The comptroller summarized the losses noted for the period 1995 through 1999 as follows:
* $28.5 million were billed for ambulance services but only $16.3 million were actually collected;
* Approximately $1 million in fees were not billed;
* A loss in revenue of $12.7 million was incurred after adjustments were made for faulty addresses and other factors; and
* An additional loss of $521,596 was estimated due to the bureau's failure to identify and forward all billable transports to Collins Research for the period of January through March 2000.
"If the collection rate remains at its present rate," said Parola, "the county will have uncollected revenues of approximately $3.3 million on an annually recurring basis."
The primary reason the comptroller's office found for the loss of revenue, was the lack of collection efforts beyond the billing statements (sent by Collins Research). "The county cannot risk any revenue shortfalls," asserted the comptroller, "and the bureau should be vigorously pursuing debts owed," he added. "Overdue accounts receivables should be coordinated with the county attorney's office for litigation or to an outside collection agency to aggressively pursue collection efforts," declared Parola.
The comptroller released his findings to the county executive, the administration, the county Legislature and NIFA. "This office doesn't just issue reports," said the comptroller. "We review our findings with the agencies and then recommend solutions," he added. To that end, the comptroller listed some of those recommendations as follows:
* The bureau should take steps to properly monitor and control the billing and collection functions relative to ambulance transports;
* Insurance information should be obtained and forwarded to Collins for billing and to implement procedures to ensure collections;
* A strategic plan established that would effectively meet their technology and training needs to support billing and collection activities;
* Every resource should be pursued in obtaining correct addresses for returned bills;
* All bills need to be verified by the ambulance bureau;
* Guidelines relative to writing off patient accounts should be established; and
* Monthly reports prepared which would monitor the status of the bills sent to Collins Research for billing and the amount of revenues received.

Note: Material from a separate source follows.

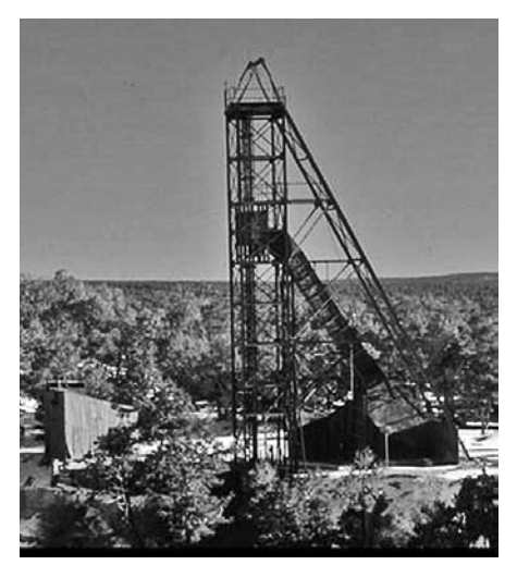
The Orphan Mine headframe stood at the south rim for more than 50 years.

emember the big headframe, part of the Lost Orphan Uranium Mine, that could be seen on the South Rim between Maricopa and Powell Point? When the mine was operating, Christmas lights were strung on it for the holidays making it look like a giant Christmas tree on
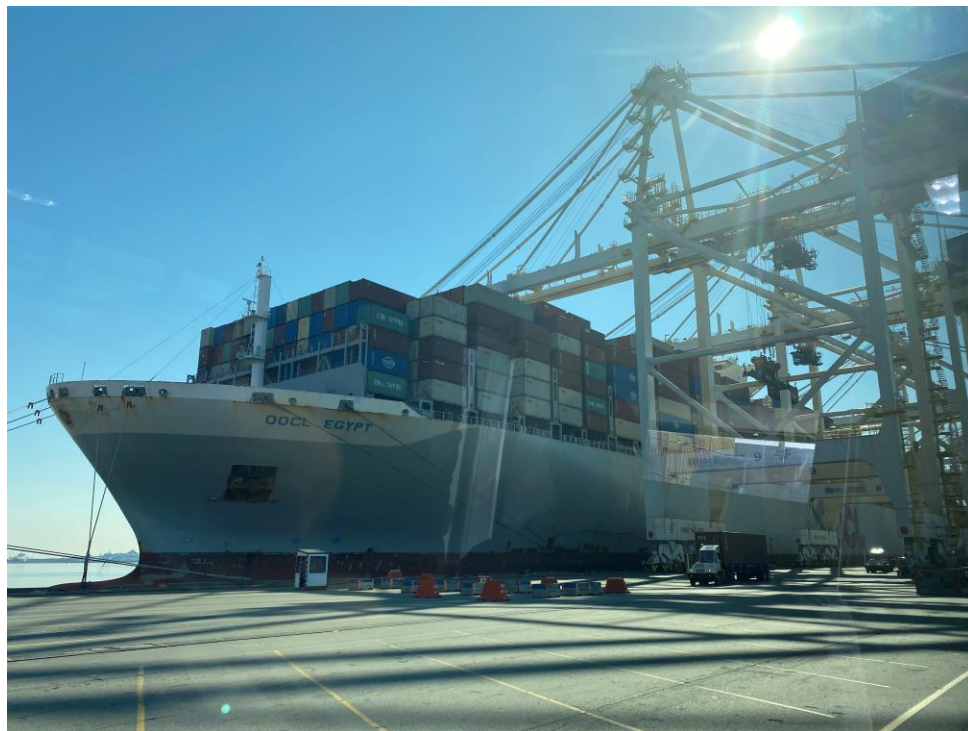
Figure 6. View of gantry cranes from below while operating on container ships

In closing, the comptroller suggested that the administration and the Legislature assign a billing and collection supervisor to monitor the collection of overdue fees sought by the county attorney's office and collection agency. This supervisor would also ensure the submission of accurate documentation and reconciliation of billing and cash receipts between the Ambulance Bureau and Collins Research. "The county should commission a collection agency to pursue overdue accounts serviced by the Emergency Ambulance Bureau," said Parola. "This and the other crucial recommendations are vital in properly tracking the system so that the county can substantially reduce its losses," Parola concluded.